# What's the expressive power of Simply Typed Lambda calculus?

The standard approach to simply typed lambda calculus considers computations over Church numerals. If input and outputs are Church numerals always typed as $Int$, where $Int = (\tau \rightarrow \tau) \rightarrow \tau \rightarrow \tau$, a result of Schwichtenberg showed that expressible functions are the extended polynomials.

If inputs are Church numerals given more complex types than $Int$, exponentiation and predecessor can be expressed (however Statman showed that equality, ordering and subtraction are not expressibile for any typing of church numerals.

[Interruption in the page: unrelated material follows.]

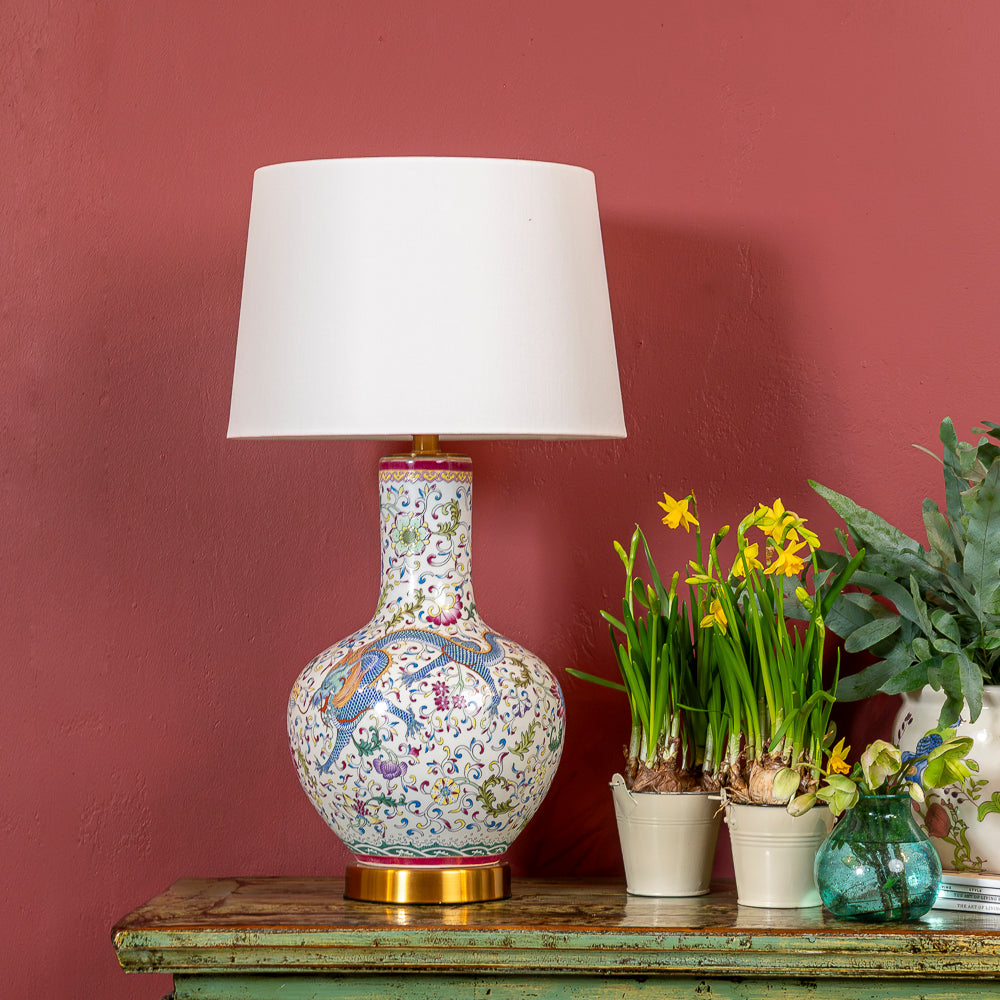Bright, colourful, and full of character, the LUAN Phoenix Porcelain Table Lamp is crafted from fine porcelain and hand-painted with lively phoenix and dragon motifs. The swirling floral patterns and bold shades of blue, green, red, and gold bring out the charm of traditional Chinese design while keeping it fresh and vibrant. Resting on a polished brass base and topped with a simple white shade, it has the perfect mix of detail and balance.

However we should be more permissive and provide only an output restriction: a boolean type ( $Bool = \tau \rightarrow \tau \rightarrow \tau$). Under this convention, Statman's theorem that "deciding equivalence of normal forms of two simply typed lambda-terms is not elementary recursive" can be seen as an expressibility result (right?): we can express nonelementary functions.

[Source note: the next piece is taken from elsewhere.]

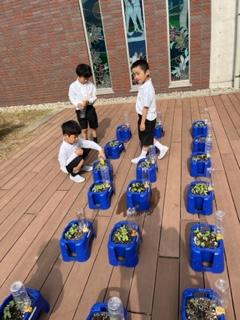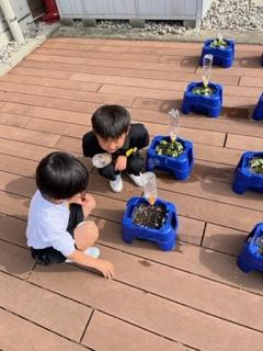 「早く自分のも出てほしいな。」と言いながら水やりをしていました。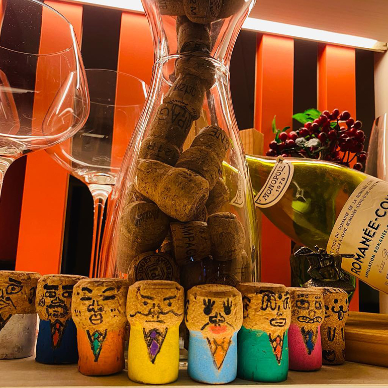The vivid pink and blue color scheme of the interior is reminiscent of a lively bar in a Spanish resort.

Pushing to the limit, where we can arrive? Of course (by strong normalization) we can express only total functions. But I'm asking if there is a precise upper bound to simply typed lambda calculus expressive power.

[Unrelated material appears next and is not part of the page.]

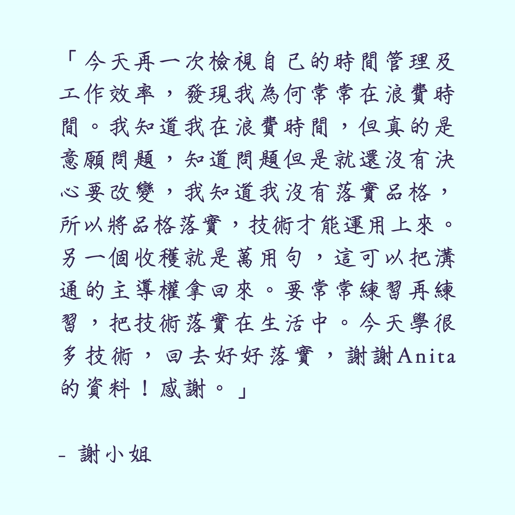 ➲ Anita企業教練,累積一對一諮商輔導超過數千小時,熱衷於知識培訓、人才養成、教練人們輕鬆運用所學、享受學習的樂趣,並進一步優化生活、工作與企業管理,已經協助超過千人,完成目標實現夢想。

I've found many articles, in particular "On the expressive power of simply typed and let-polymorphic lambda calculi" but I'm not able to understand if it is what I'm looking for.

• A base type is never equal to a function type (a mistake appearing twice in this question). I think you're trying to say that the final output of a function type is a particular base type, which is different. Jul 28, 2012 at 19:52
• @HuckBennett: That is false. The encoding for the type of Church numerals in the simply typed lambda calculus is (A -> A) -> A -> A where the numerals are defined as usual. Likewise the type of the booleans is indeed A -> A -> A where true = \x . \y . x and false = \x . \y . y. Jul 29, 2012 at 3:51
• @Anthony: My mistake. I didn't realize that Church encodings were used except in the untyped lambda calculus. Jul 29, 2012 at 7:03
• Why does “deciding equivalence of normal forms of two simply typed lambda-terms is not elementary recursive” imply that you can express nonelementary functions? I do not think that there is any guarantee that equivalence can be expressed. Jul 29, 2012 at 11:45
• Looking forward for this answer in 2015, any luck yet? Oct 5, 2015 at 19:08

More precisely, let the order of a type be defined as the nesting depth of → to the left ($$ord(o) = 0$$ and $$ord(A \to B) = max(ord(A)+1, ord(B))$$) and the level of a term be the greatest order of the type of one of its subterms. Then for terms of level at most k, normalization is in O(k)-EXPTIME (*). So if you consider input/output encodings such that the order of terms may depend on the function being represented, but not on the input, then all the functions you can represent are elementary recursive (i.e. in the union of the k-EXPTIME classes over all k). This condition seems to be satisfied by practically all typable encoding schemes that one could naturally come up with.